DATA PROVIDED
• • • • • • •

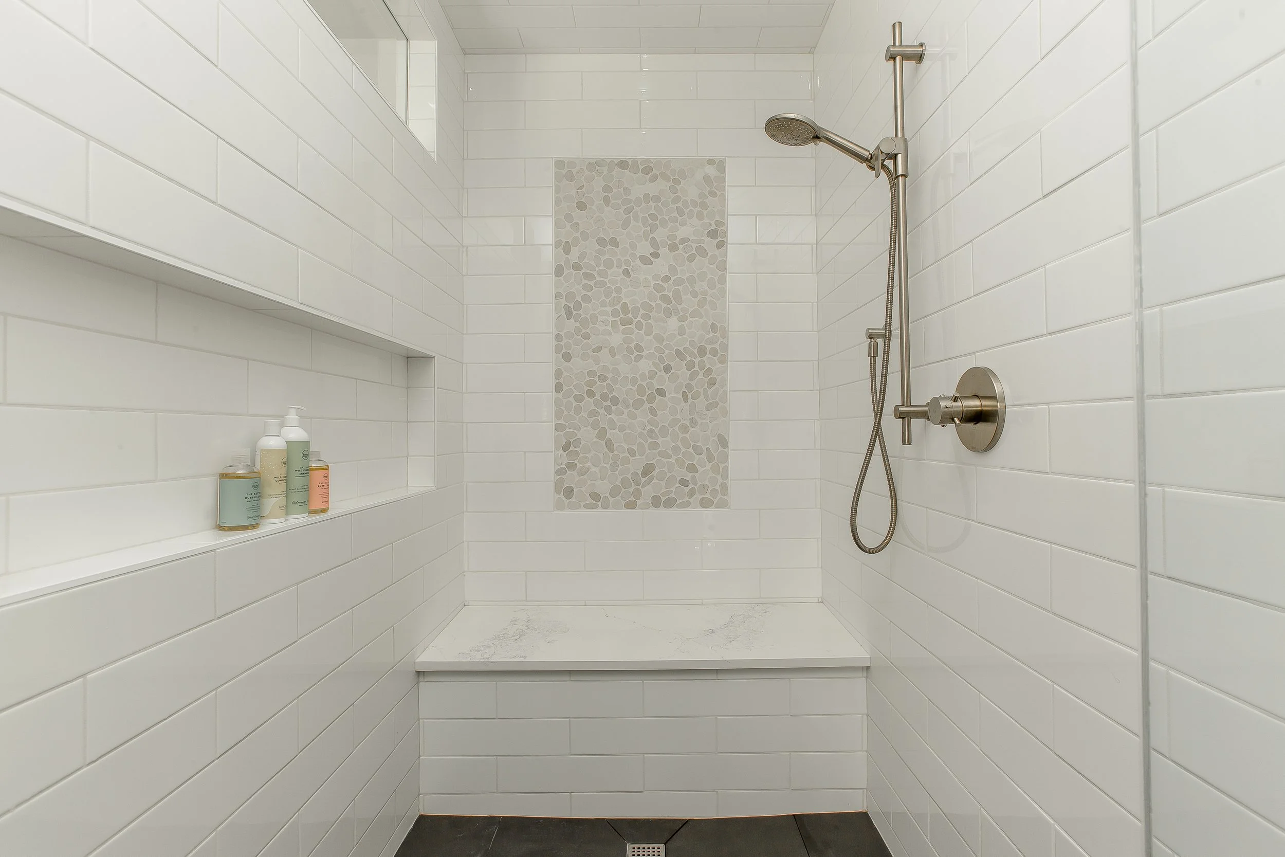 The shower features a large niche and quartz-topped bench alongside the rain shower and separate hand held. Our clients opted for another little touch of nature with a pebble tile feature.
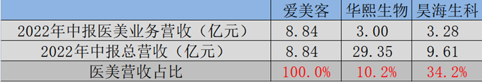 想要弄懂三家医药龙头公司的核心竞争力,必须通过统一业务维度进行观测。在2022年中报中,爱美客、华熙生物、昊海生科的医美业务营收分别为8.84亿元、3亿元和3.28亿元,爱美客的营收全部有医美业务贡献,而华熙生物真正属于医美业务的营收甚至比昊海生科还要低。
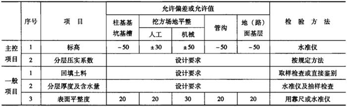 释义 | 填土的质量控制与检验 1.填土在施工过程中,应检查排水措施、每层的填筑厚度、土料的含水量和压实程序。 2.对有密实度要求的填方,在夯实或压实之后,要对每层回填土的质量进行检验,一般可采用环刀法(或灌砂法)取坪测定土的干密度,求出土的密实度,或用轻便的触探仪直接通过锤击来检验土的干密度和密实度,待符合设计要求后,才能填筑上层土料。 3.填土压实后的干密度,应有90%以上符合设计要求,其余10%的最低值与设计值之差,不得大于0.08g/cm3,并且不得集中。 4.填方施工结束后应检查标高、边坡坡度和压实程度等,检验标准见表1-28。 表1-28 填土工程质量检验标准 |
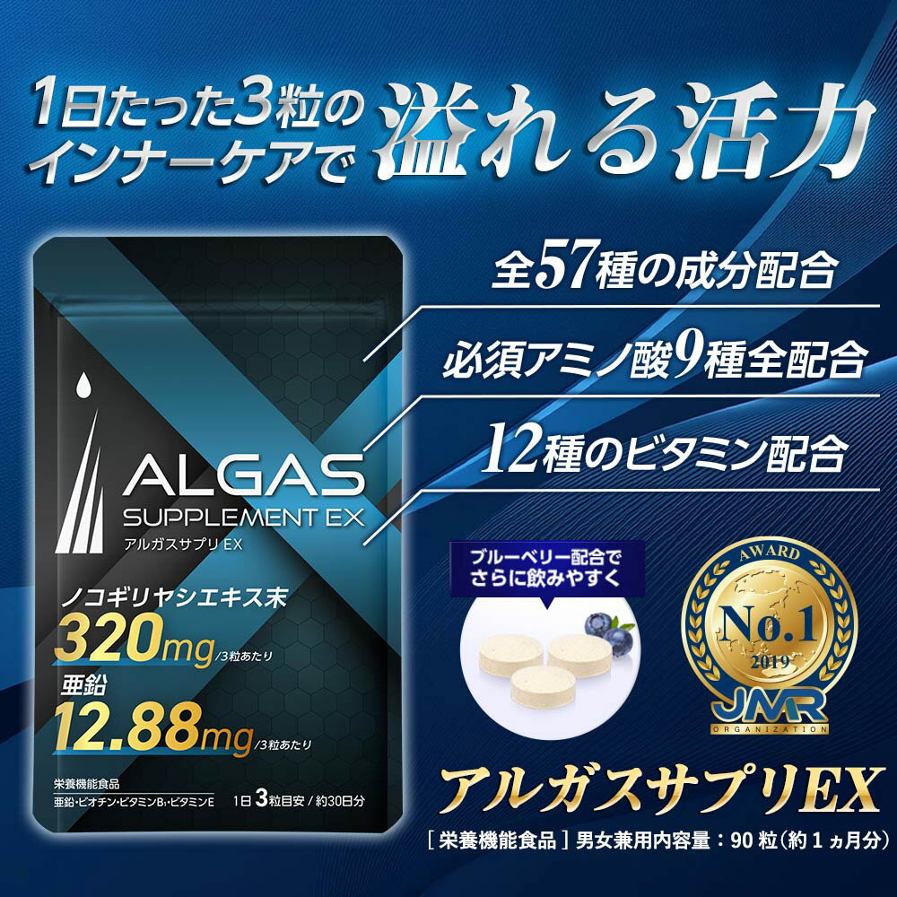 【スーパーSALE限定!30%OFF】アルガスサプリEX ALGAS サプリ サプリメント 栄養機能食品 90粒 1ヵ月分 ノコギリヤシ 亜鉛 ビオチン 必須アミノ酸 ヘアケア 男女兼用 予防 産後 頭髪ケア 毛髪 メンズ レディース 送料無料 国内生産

• • • • • • •

EXERCISE AIM
Omitting all pictures, set the listing down exactly.

TASK SOLUTION
 The shower features a large niche and quartz-topped bench alongside the rain shower and separate hand held. Our clients opted for another little touch of nature with a pebble tile feature.
 想要弄懂三家医药龙头公司的核心竞争力,必须通过统一业务维度进行观测。在2022年中报中,爱美客、华熙生物、昊海生科的医美业务营收分别为8.84亿元、3亿元和3.28亿元,爱美客的营收全部有医美业务贡献,而华熙生物真正属于医美业务的营收甚至比昊海生科还要低。
 释义 | 填土的质量控制与检验 1.填土在施工过程中,应检查排水措施、每层的填筑厚度、土料的含水量和压实程序。 2.对有密实度要求的填方,在夯实或压实之后,要对每层回填土的质量进行检验,一般可采用环刀法(或灌砂法)取坪测定土的干密度,求出土的密实度,或用轻便的触探仪直接通过锤击来检验土的干密度和密实度,待符合设计要求后,才能填筑上层土料。 3.填土压实后的干密度,应有90%以上符合设计要求,其余10%的最低值与设计值之差,不得大于0.08g/cm3,并且不得集中。 4.填方施工结束后应检查标高、边坡坡度和压实程度等,检验标准见表1-28。 表1-28 填土工程质量检验标准 |
 【スーパーSALE限定!30%OFF】アルガスサプリEX ALGAS サプリ サプリメント 栄養機能食品 90粒 1ヵ月分 ノコギリヤシ 亜鉛 ビオチン 必須アミノ酸 ヘアケア 男女兼用 予防 産後 頭髪ケア 毛髪 メンズ レディース 送料無料 国内生産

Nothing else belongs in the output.